▶ Work task
Your copy of the entries below should hold exactly the lines from the one containing "紫光国微当下股价和估值处于上" to the one containing "Выкладываем нашу поленту", inclusive, and no pictures.

[Collected data]

BEGIN

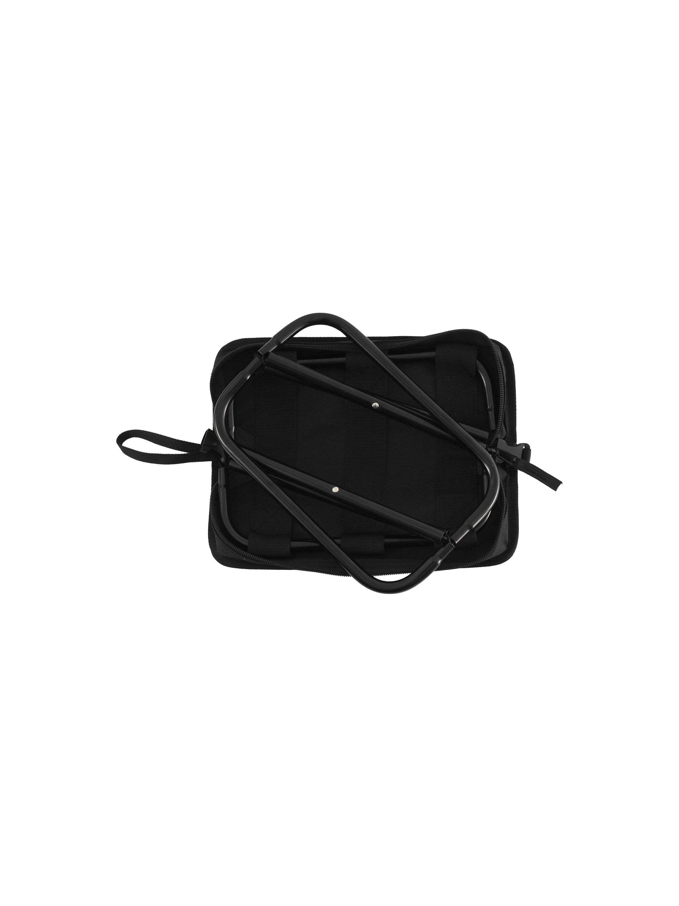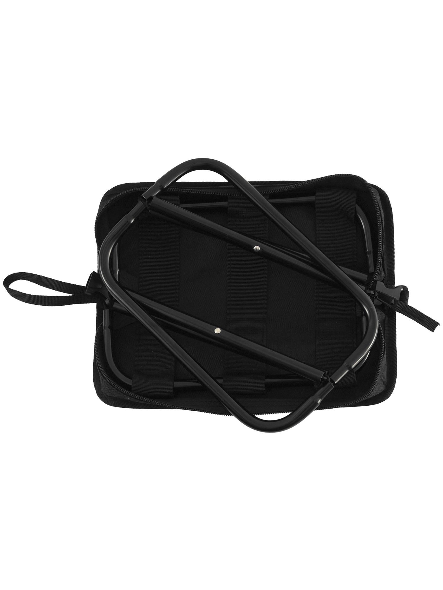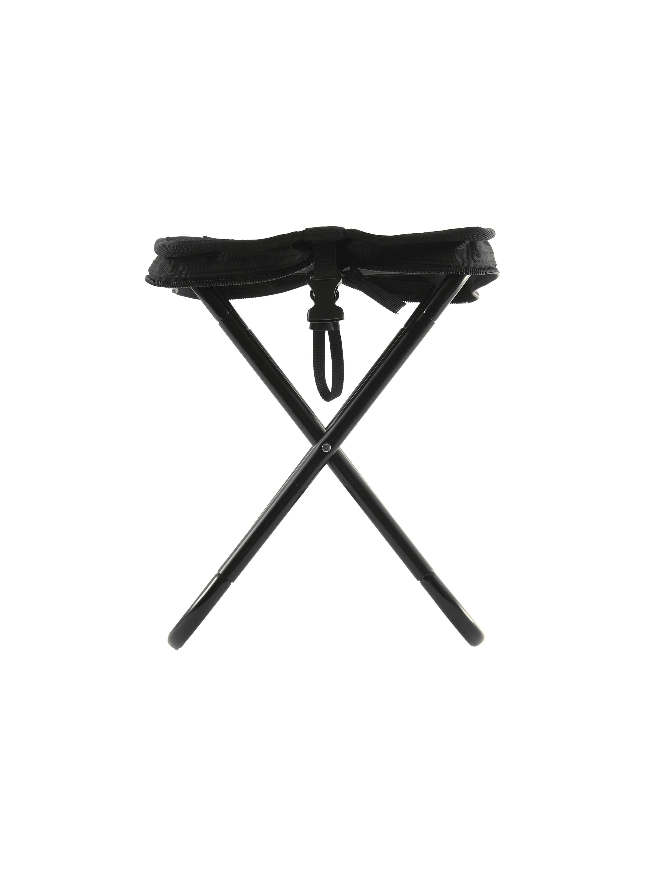 座面が収納袋になるコンパクトな折り畳み式のアウトドアチェア。組み立ても簡単で、座りたい時にすぐに展開可能。
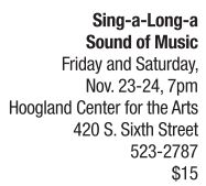 FILM | Interactive showing Warm up your vocal chords, cut up those chintz curtains and parade, bike or skip on down to the Hoogland Center for the Arts for the Sing-a-Long-a Sound of Music. On Nov. 23 and 24, watch the classic film on the big screen and interact with the movie under the direction of Johnny Molson, morning cohost on ALICE-FM. This is a huge audience participation event with subtitles for all songs. Molson will lead attendees through a vocal warmup and provide a comprehensive guide to the accompanying actions and use of an interactive fun pack. Dress up in your favorite Sound of Music costume and join the parade. Having started in the U.K. in 1999, the Sing-a-Long-a Sound of Music show has become a worldwide hit, playing to packed houses across the globe with more than 10,000 performances in 11 countries. See also
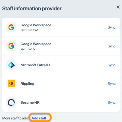 * On the Add staff member page, select Add staff from HRMS, then click the details button next to BambooHR.
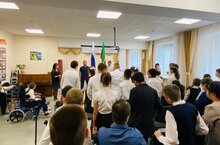 Учащиеся в торжественной обстановке прослушали гимны РФ и РТ.
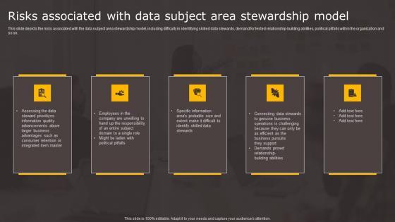 This slide depicts the risks associated with the data subject area stewardship model, including difficulty in identifying skilled data stewards, demand for tested relationship building abilities, political pitfalls within the organization and so on. Whether you have daily or monthly meetings, a brilliant presentation is necessary. Data Stewardship In Business Processes Risks Associated Data Subject Area Icons Pdf can be your best option for delivering a presentation. Represent everything in detail using Data Stewardship In Business Processes Risks Associated Data Subject Area Icons Pdf and make yourself stand out in meetings. The template is versatile and follows a structure that will cater to your requirements. All the templates prepared by Slidegeeks are easy to download and edit. Our research experts have taken care of the corporate themes as well. So, give it a try and see the results. This slide depicts the risks associated with the data subject area stewardship model, including difficulty in identifying skilled data stewards, demand for tested relationship building abilities, political pitfalls within the organization and so on.
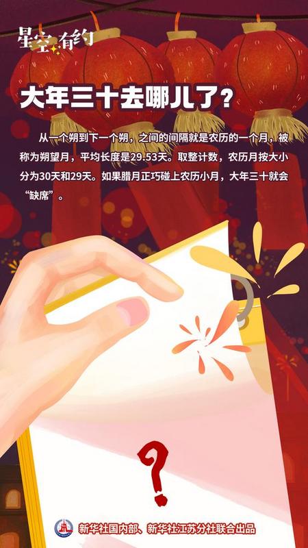 王科超介绍,从一个朔到下一个朔,之间的间隔就是农历的一个月,被称为朔望月,平均长度是29.53天。实际上,朔望月的长度并不是固定的,为29天多。本世纪内最短29.27天,最长29.82天。取整计数,农历月分为大月和小月,前者30天,后者29天。如果腊月正巧碰上农历小月,大年三十就会“缺席”。
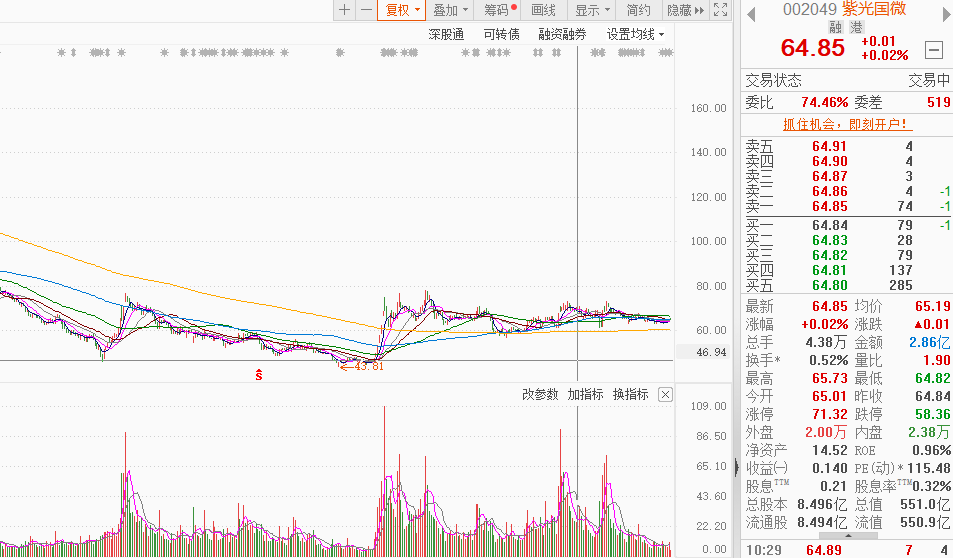 紫光国微当下股价和估值处于上市以来的中位值偏下,前2年股价一路回调,后触底企稳反弹,今年以来股价得到稳步抬升,阶段性底部逐步抬高;在国家半导体大基金和科技自主可控的加持下,公司受到市场的高度关注,中短期乃至长期都有很好的参与价值;且有多家基金(包括社保)和外资持股,近期横盘震荡,各周期均线都在向上靠拢,大概率要向上突破。
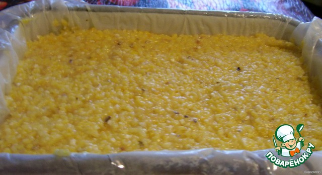 Выкладываем нашу поленту в форму для запекания, смазанную маслом (или как у меня-в форму, покрытую бумагой для выпечки)и оставляем на некоторое время.
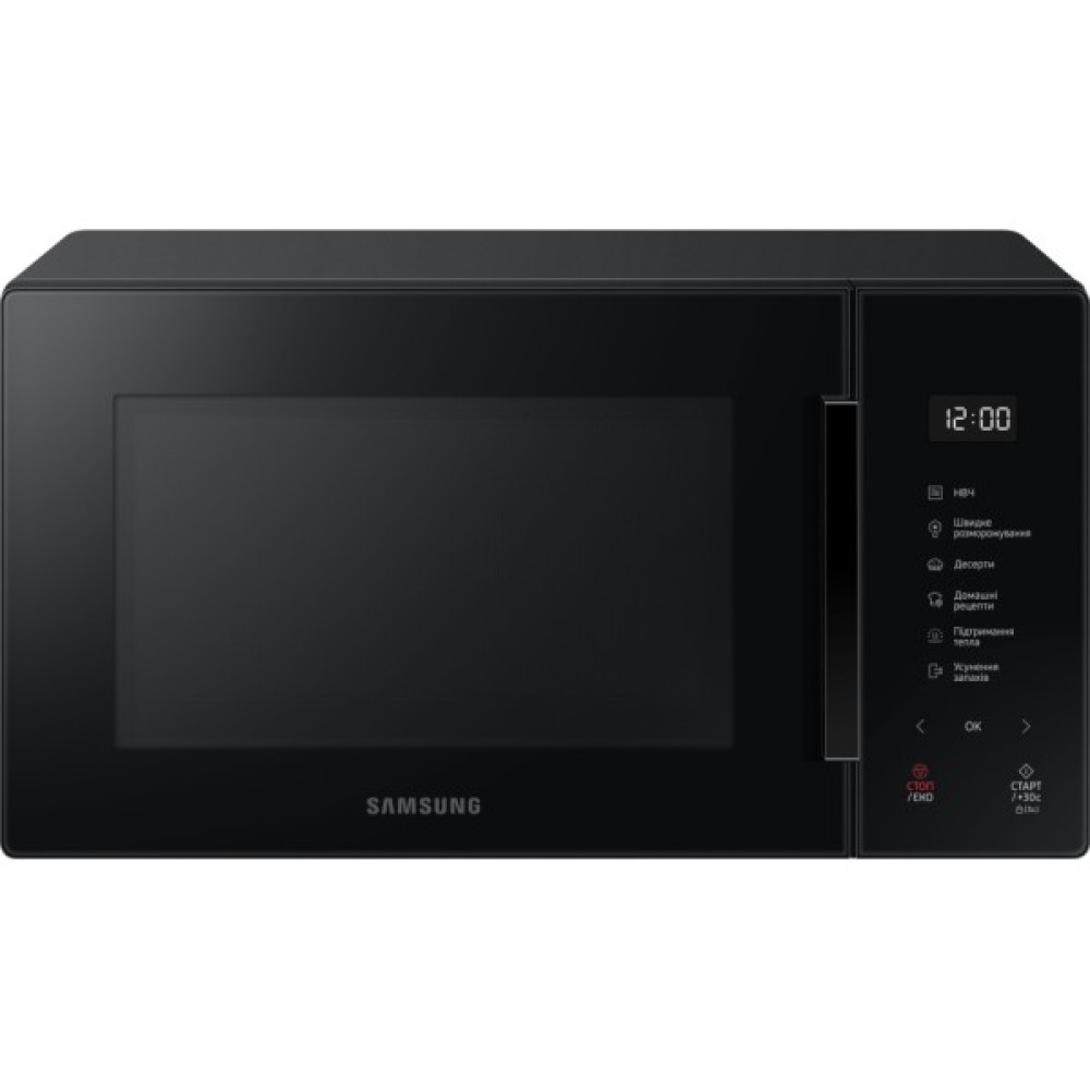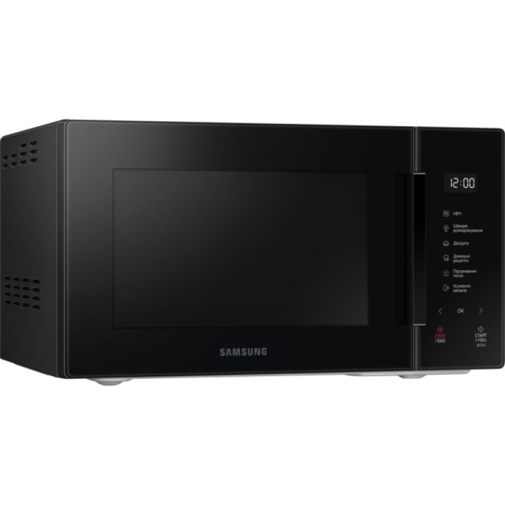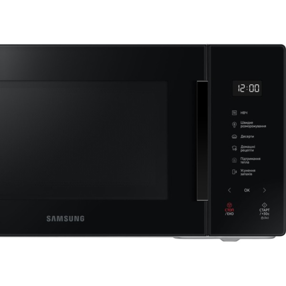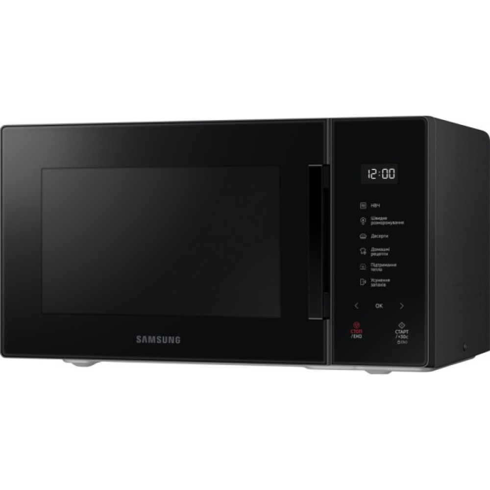 Мікрохвильова піч Samsung MS23T5018AK/UA демонструє вишукану простоту у поєднанні з функціональністю. Її лаконічний дизайн привертає увагу елегантними лініями та витонченою формою, добре вписуючися у будь-який сучасний інтер'єр. Дверцята з великим оглядовим вікном відкриваються за допомогою стильного горизонтального хвата, тоді як сенсорна панель Glass Touch з великим цифровим дисплеєм дарує можливість легкого і зрозумілого керування.
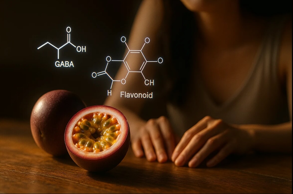 你可能完全沒想到——一顆每天在水果行都能買到的百香果,竟然在近年的神經研究中被重新看見。科學家發現,Passiflora 類植物在動物與前期臨床試驗裡,能透過 GABAergic 神經調節,降低焦躁、縮短入睡時間,甚至減少壓力引起的神經興奮(註1)。百香果(P. edulis)雖然不像 P. incarnata 含有大量 β-carboline 類化合物,但它的多酚與黃酮類活性物質,仍在模型中展現讓大腦「慢下來」的力量(註2)。
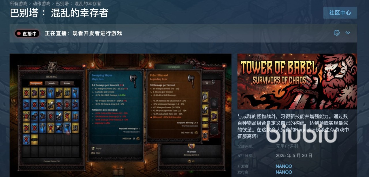 2025年05月19日 17:12 来源:亡灵离绿毛虫这是一款充满暗黑幻想风格的游戏,融合了吸血鬼幸存者的生存机制和暗黑破坏神的装备系统。玩家需要在充满怪物的巴别塔中战斗,习得新技能并增强自己的能力。这篇文章来了解巴别塔混乱的幸存者steam叫什么?这里有数百种物品可以组合,打造出独一无二的强大装备,还有各种稀有独特的随机选项物品等你收集。
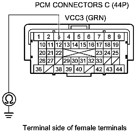 78. Check for continuity between PCM connector terminal C12 and body ground.
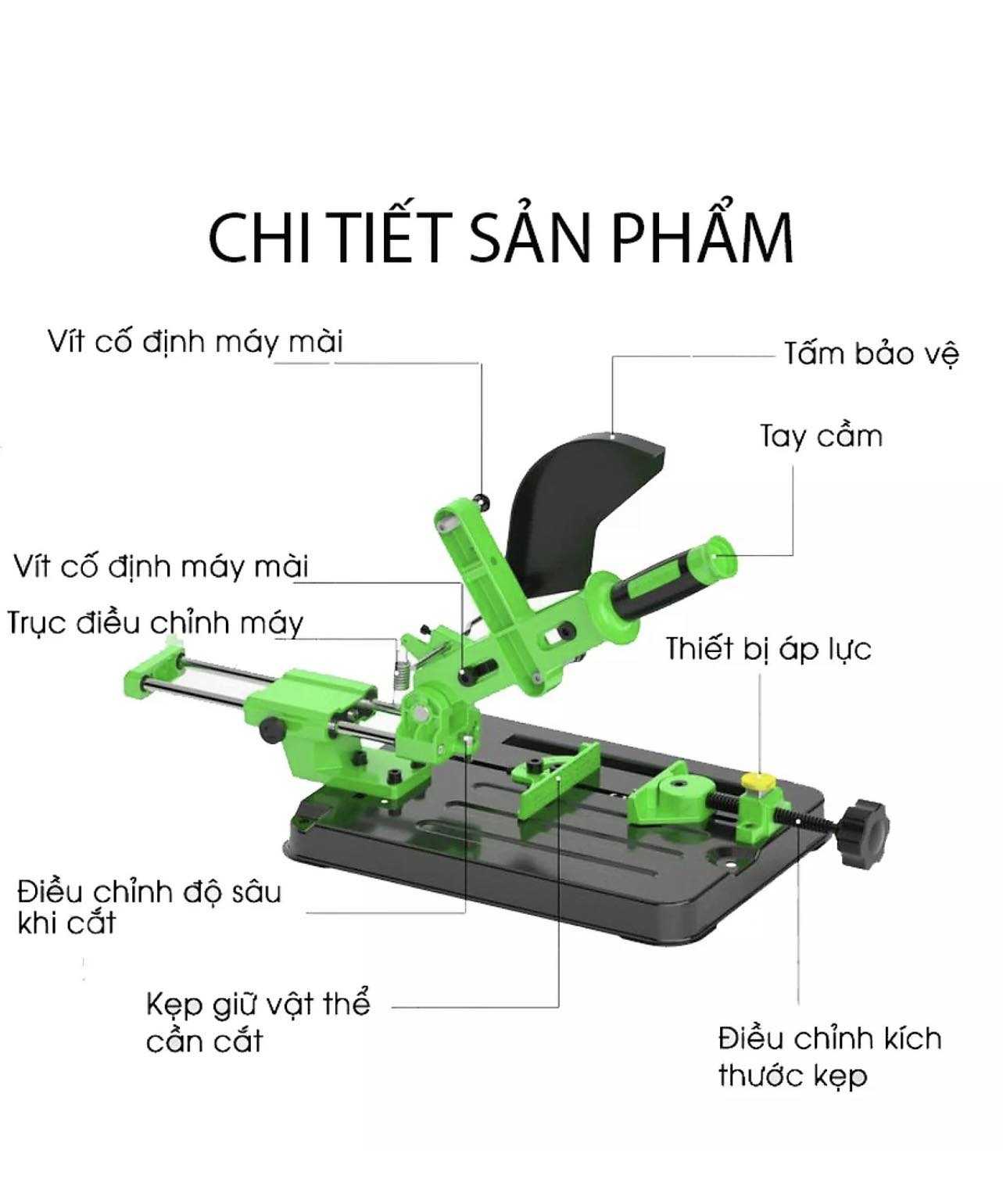 Thông tin cơ bảnChi tiết sản phẩmĐEM CẢ THẾ GIỚI ĐẾN NGÔI NHÀ CỦA BẠNBỘ BÀN CẮT TRƯỢT GẮN MÁY MÀICắt hiệu quả gấp 7 lầnCẮT MỌI CHẤT LIỆUCắt tôn , gỗ , sắt , thép , lưỡi B40,...Đĩa cắt 4 inch t...
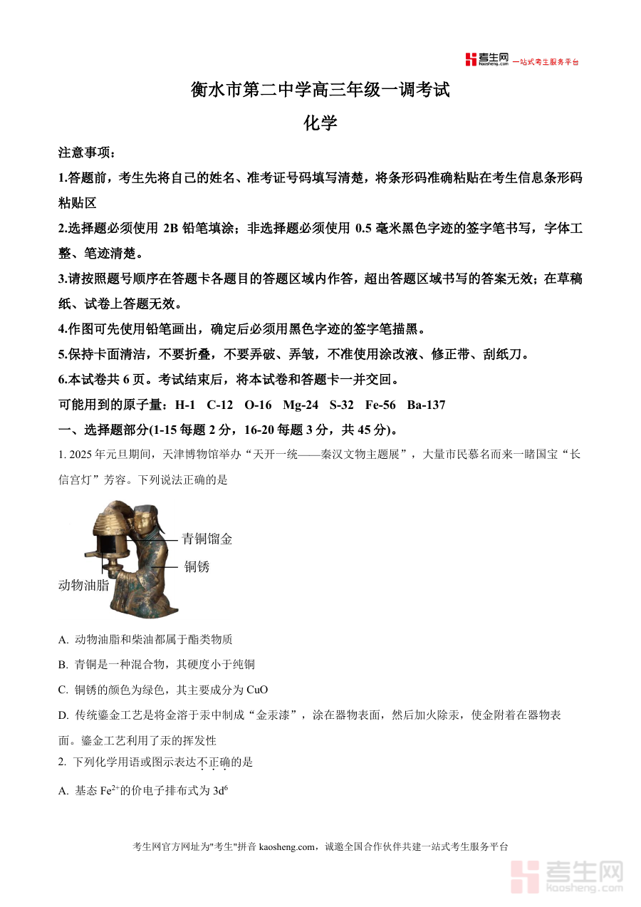 《精品解析:河北省衡水市第二中学年高三上学期一调考试化学试题(原卷版)》是一份针对河北省衡水市第二中学年至学年高三年级上学期第一次调研考试设计化学学科备考资料;该资料严格匹配本次调研考试化学科目原卷呈现形式及相关规范要求;作为直接对应本次特定阶段检测的数据载体,其内容与实际考试场景高度契合,为相关备考主体提供精准适配考试要求参考素材。

END

▶ Result of the exercise
 紫光国微当下股价和估值处于上市以来的中位值偏下,前2年股价一路回调,后触底企稳反弹,今年以来股价得到稳步抬升,阶段性底部逐步抬高;在国家半导体大基金和科技自主可控的加持下,公司受到市场的高度关注,中短期乃至长期都有很好的参与价值;且有多家基金(包括社保)和外资持股,近期横盘震荡,各周期均线都在向上靠拢,大概率要向上突破。
 Выкладываем нашу поленту в форму для запекания, смазанную маслом (или как у меня-в форму, покрытую бумагой для выпечки)и оставляем на некоторое время.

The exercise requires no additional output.